Chapter Fifteen: The Tears Keep Coming
Alex
Monday came way too soon, despite the fact that I barely left my bedroom all weekend. According to my parents, a broken heart isn't an excuse to stay home from school, so I dragged myself out of bed to go to this hellhole.
I faked my way through my morning classes and then it was time for lunch. I'd been sitting at my normal table because Ellie hadn't been going to the cafeteria, but today, there she was, sitting in her seat. I steered myself in the other direction and made my way over to sit with Craig and Emma.
"Hey," Emma said, smiling sympathetically. "How are you doing?" she asked.
"You don't want to know," I groaned. "But thanks for caring." I shot a look at Craig, my twin, who didn't seem to care. And I was right because he didn't even notice. "What's up with him?" I asked Emma.
"I have no idea," she shrugged. "But I'd really like to know what's up with this food. It's usually good, but today…"
"It looks like dog food," I said, laughing for the first time since the whole Ellie incident. Of course, as soon as I even thought her name, I got depressed again.
"I'm sure the word 'surprise' is in the name of it," Emma joked.

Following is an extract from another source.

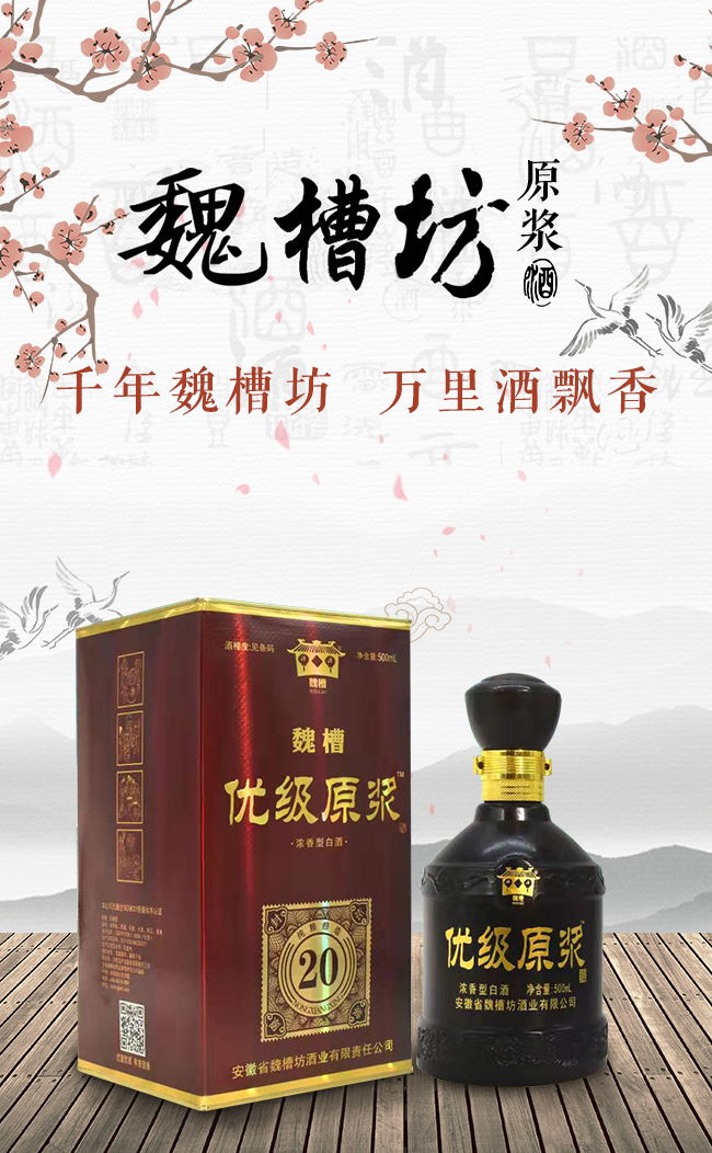 安徽魏槽坊酒業(yè)有限責(zé)任公司座落在華夏酒城安徽白酒之鄉(xiāng)——亳州市古井鎮(zhèn)。地處大京九鐵路沿線,自古以來,人杰地靈、物華天寶、資源豐富。公司釀造的白酒是通過“擇層取醅”、“擇時(shí)摘酒”等傳統(tǒng)技術(shù),得到精華的原漿美酒,再放入地下酒庫經(jīng)陶壇洞藏一定年限,使其自然老熟。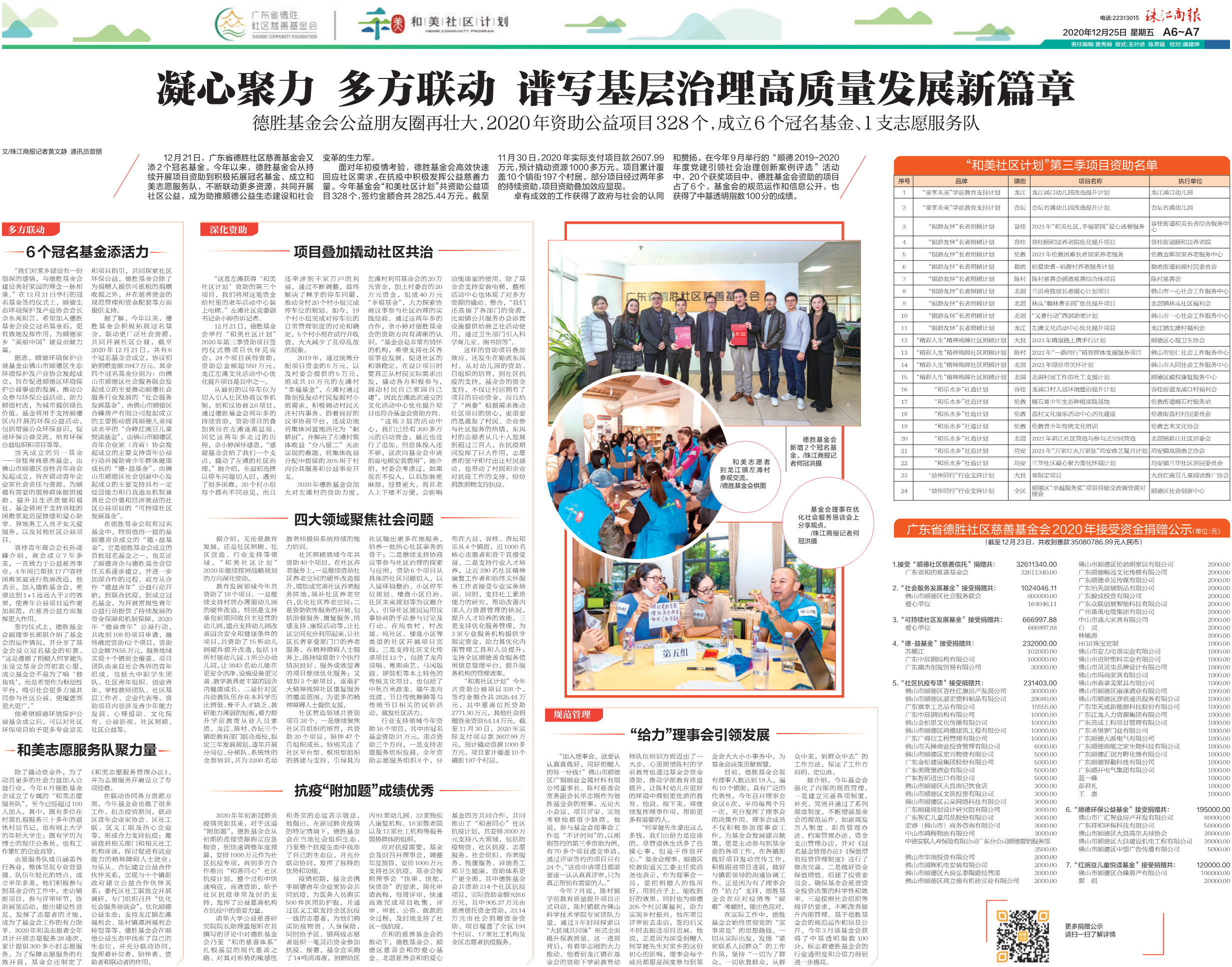 据了解,今年以来,德胜基金会积极拓展冠名基金,联动更广泛社会资源,共同开展社区公益,截至2020年12月21日,共有6个冠名基金会成立,协议初始捐赠金额294.7万元。其余四个冠名基金分别为:由佛山市顺德区社会服务联会发起成立的主要推动顺德社会服务行业发展的“社会服务发展基金”、由佛山市顺德区合峰房产有限公司发起成立的主要推动提高顺德儿童阅读水平的“合峰红豌豆儿童悦读基金”、由佛山市顺德区青年企业家(青商)协会发起成立的主要支持青年公益行动并援助青少年群体健康成长的“德·益基金”、由佛山市顺德区社会创新中心发起成立的主要支持具有一定经营能力和自我造血机制兼具社会价值和经济效益的社区公益项目的“可持续社区发展基金”。

"Yeah," I said, moving the food around with my fork. I had no desire to eat it and I wasn't planning to. Emma decided to be brave and started to eat, leaving me in silence. I picked at my food but didn't take a single bite. Then I finally threw the tray away and returned to the table.
"Why aren't you eating anything?" He actually startled me.
"You mean you're paying attention?" I said.
"Alex, you haven't eaten in days. That's not healthy," Craig said, ignoring my sarcasm.
"Shows how much you know," I snapped. "Did you notice that I was gone before anyone left the house? I ate a big breakfast and went for a walk thank you," I smirked.
"Yeah well…"
"Well what?" I asked. Emma pretended she couldn't hear us; I felt bad for her.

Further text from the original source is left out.